=== Raw data ===

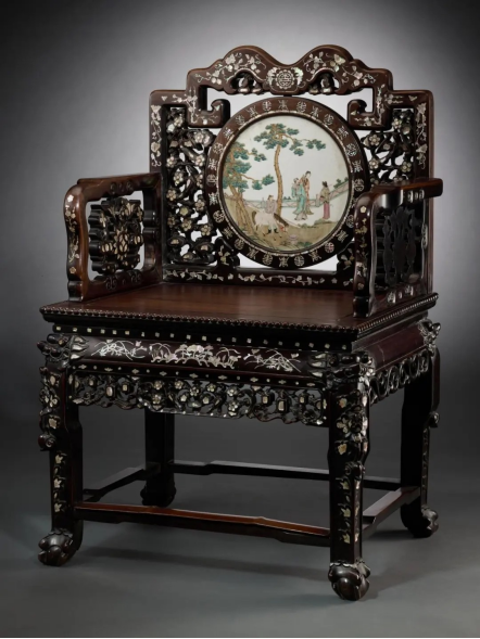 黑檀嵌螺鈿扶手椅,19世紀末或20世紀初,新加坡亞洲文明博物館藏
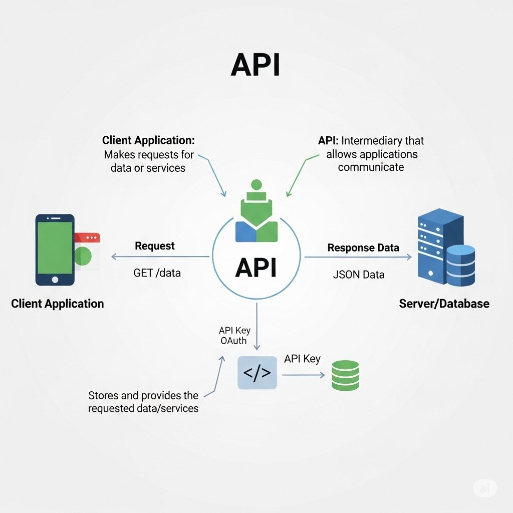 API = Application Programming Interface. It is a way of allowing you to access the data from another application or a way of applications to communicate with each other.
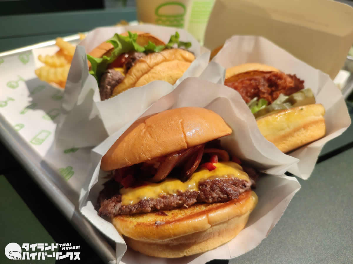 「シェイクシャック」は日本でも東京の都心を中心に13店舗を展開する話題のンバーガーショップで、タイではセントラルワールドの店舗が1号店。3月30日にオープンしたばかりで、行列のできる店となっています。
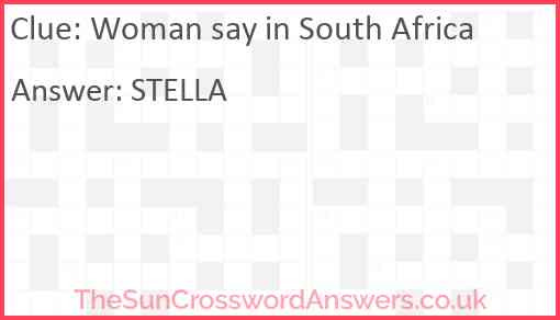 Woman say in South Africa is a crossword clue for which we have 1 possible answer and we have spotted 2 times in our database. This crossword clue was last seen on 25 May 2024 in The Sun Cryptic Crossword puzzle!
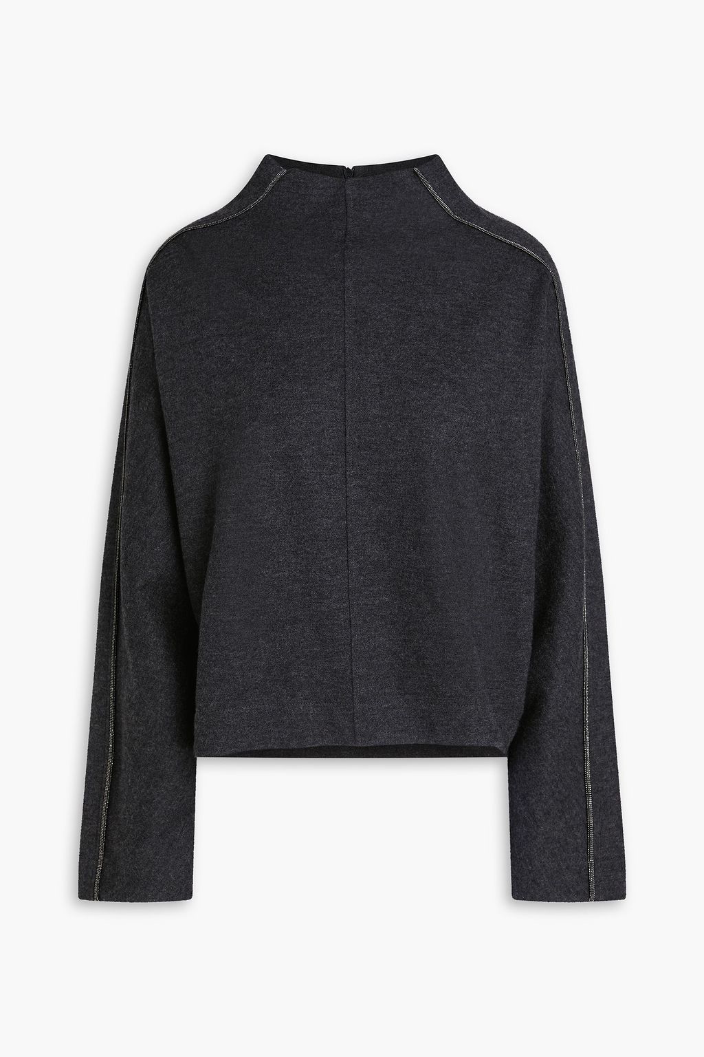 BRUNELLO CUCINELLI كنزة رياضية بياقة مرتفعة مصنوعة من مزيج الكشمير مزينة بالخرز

===

**What you are asked to do**
Your answer must be the lines from the one containing "Woman say in" through the last line of the records, both included, written out exactly and without pictures.

**Task response**
 Woman say in South Africa is a crossword clue for which we have 1 possible answer and we have spotted 2 times in our database. This crossword clue was last seen on 25 May 2024 in The Sun Cryptic Crossword puzzle!
 BRUNELLO CUCINELLI كنزة رياضية بياقة مرتفعة مصنوعة من مزيج الكشمير مزينة بالخرز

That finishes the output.